- **Dataset excerpt**:
——————————
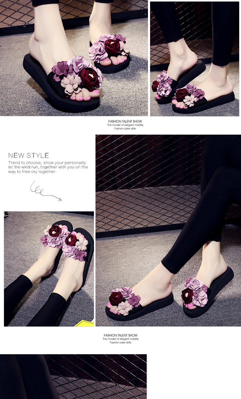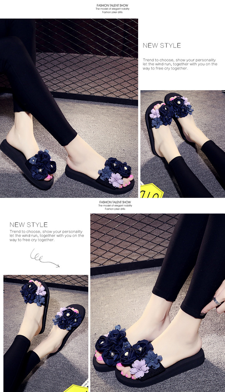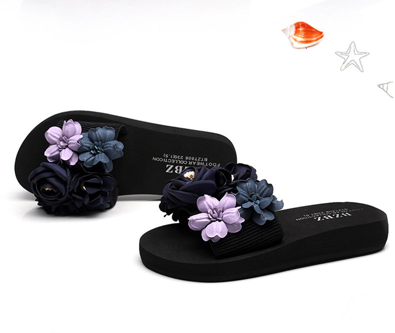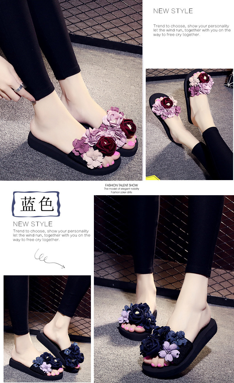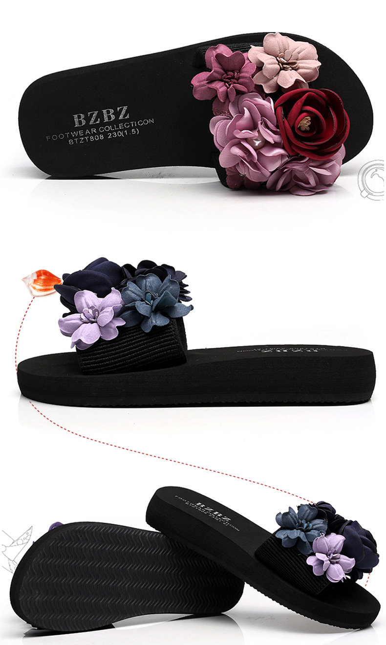 新款女夏外穿平底一字拖鞋时尚韩版甜美花朵沙滩鞋厚底防滑凉拖鞋
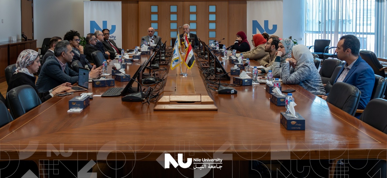 ترأس الجلسة الافتتاحية الدكتور عصام رشدي، القائم بأعمال رئيس جامعة النيل، بحضور الدكتور عمرو صفوت القائم بأعمال نائب رئيس الجامعة للشؤون الأكاديمية، وعدد من أعضاء هيئة التدريس والباحثين، حيث أكد الدكتور عصام رشدي، على التزام الجامعة بتوسيع شبكة شراكاتها البحثية الدولية، وتعزيز دورها كمحور إقليمي للبحث العلمي التطبيقي في مجالات الطاقة والمياه.
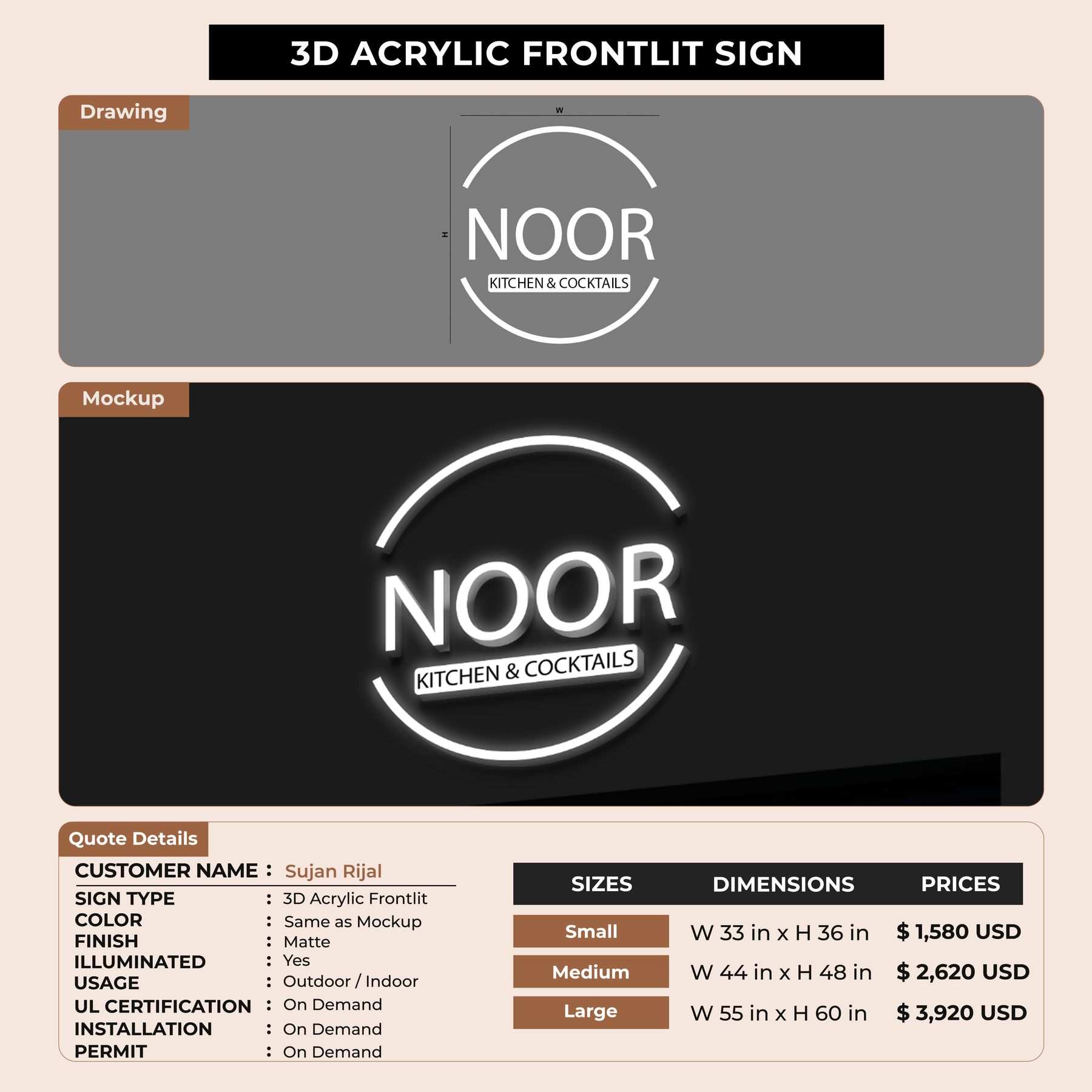 3D Acrylic Frontlit Signage for Sujan Rijal
——————————
Write the lines out word for word, starting at the one with "ترأس الجلسة الافتتاحية" and stopping after the last line of the material above, with pictures excluded.

 ترأس الجلسة الافتتاحية الدكتور عصام رشدي، القائم بأعمال رئيس جامعة النيل، بحضور الدكتور عمرو صفوت القائم بأعمال نائب رئيس الجامعة للشؤون الأكاديمية، وعدد من أعضاء هيئة التدريس والباحثين، حيث أكد الدكتور عصام رشدي، على التزام الجامعة بتوسيع شبكة شراكاتها البحثية الدولية، وتعزيز دورها كمحور إقليمي للبحث العلمي التطبيقي في مجالات الطاقة والمياه.
 3D Acrylic Frontlit Signage for Sujan Rijal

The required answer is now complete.